Balancing Augmentation and Automation
AI programs are able to helping human practitioners like an intern that by no means sleeps. Nevertheless, it’s important for safety groups to distinguish what to automate from what to enhance. Some duties profit from full automation, particularly these which might be repeatable, measurable, and low-risk if an error happens. Nevertheless, others demand direct human oversight as a result of context, instinct, or ethics matter greater than velocity.
Menace enrichment, log parsing, and alert deduplication are prime candidates for automation. These are data-heavy, pattern-driven processes the place consistency outperforms creativity. In contrast, incident scoping, attribution, and response choices depend on context that AI can not absolutely grasp.
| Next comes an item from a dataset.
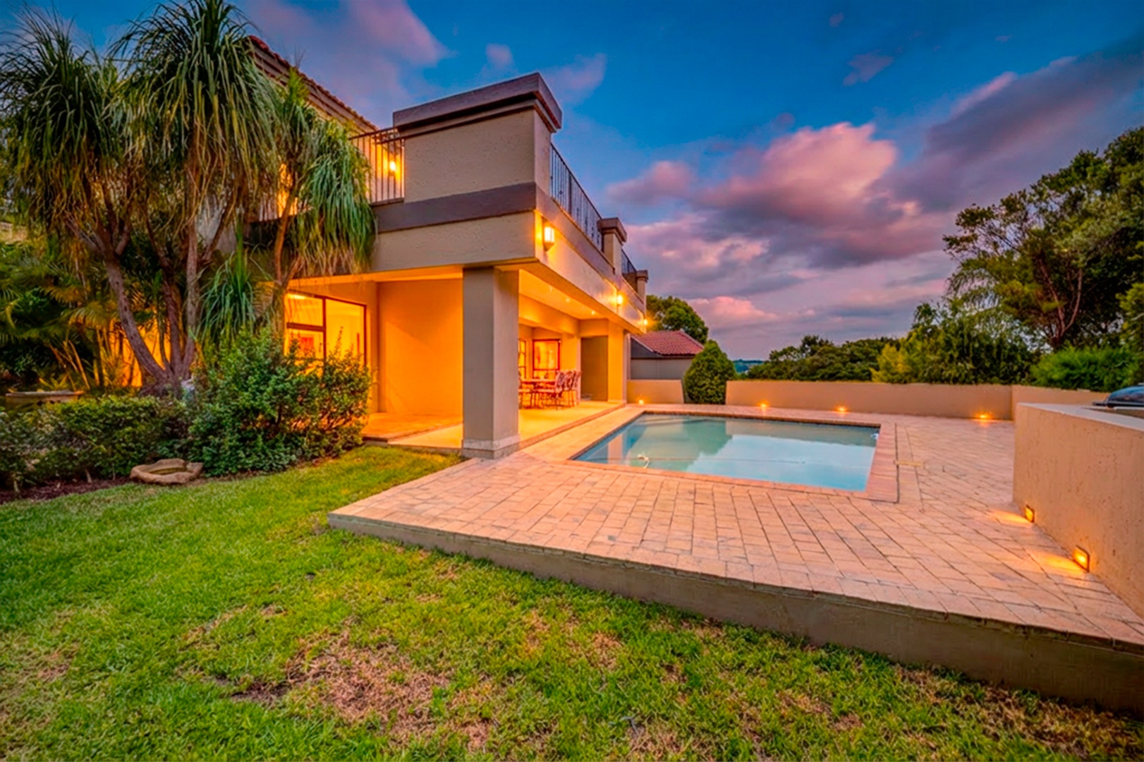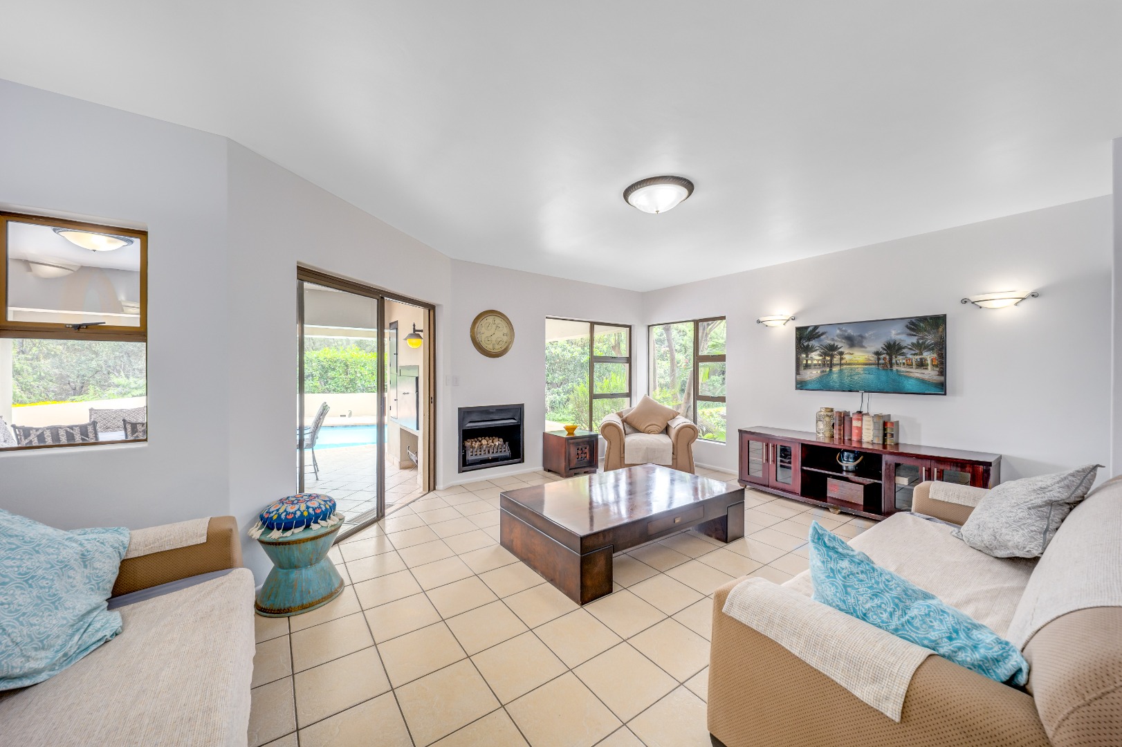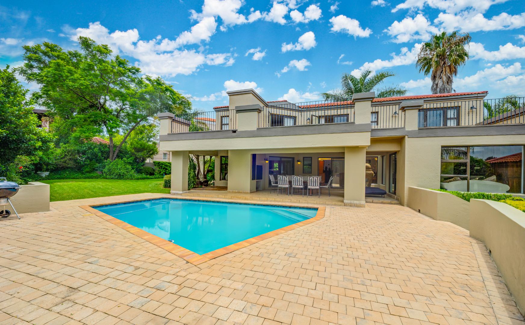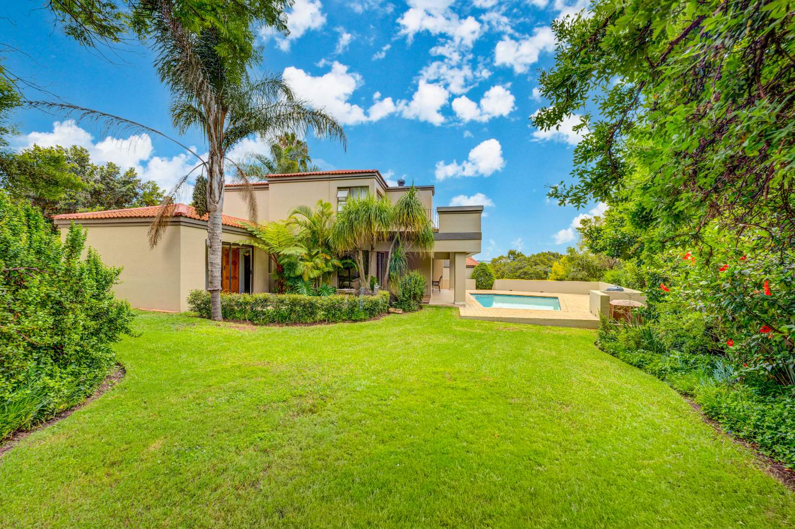 outdoor space, overlooking a good-sized swimming pool and a beautifully

Right here, AI ought to help by surfacing indicators, suggesting subsequent steps, or summarizing findings whereas practitioners retain determination authority.
Discovering that stability requires maturity in course of design. Safety groups ought to categorize workflows by their tolerance for error and the price of automation failure. Wherever the chance of false positives or missed nuance is excessive, hold people within the loop. Wherever precision may be objectively measured, let AI speed up the work.
Be part of us at SANS Surge 2026!
I am going to dive deeper into this matter throughout my keynote at SANS Surge 2026 (Feb. 23-28, 2026), the place we’ll discover how safety groups can guarantee AI programs are protected to rely on. In case your group is shifting quick on AI adoption, this occasion will aid you transfer extra securely. Be part of us to attach with friends, be taught from specialists, and see what safe AI in follow actually appears like.
Register for SANS Surge 2026 right here.
Word: This text was contributed by Frank Kim, SANS Institute Fellow.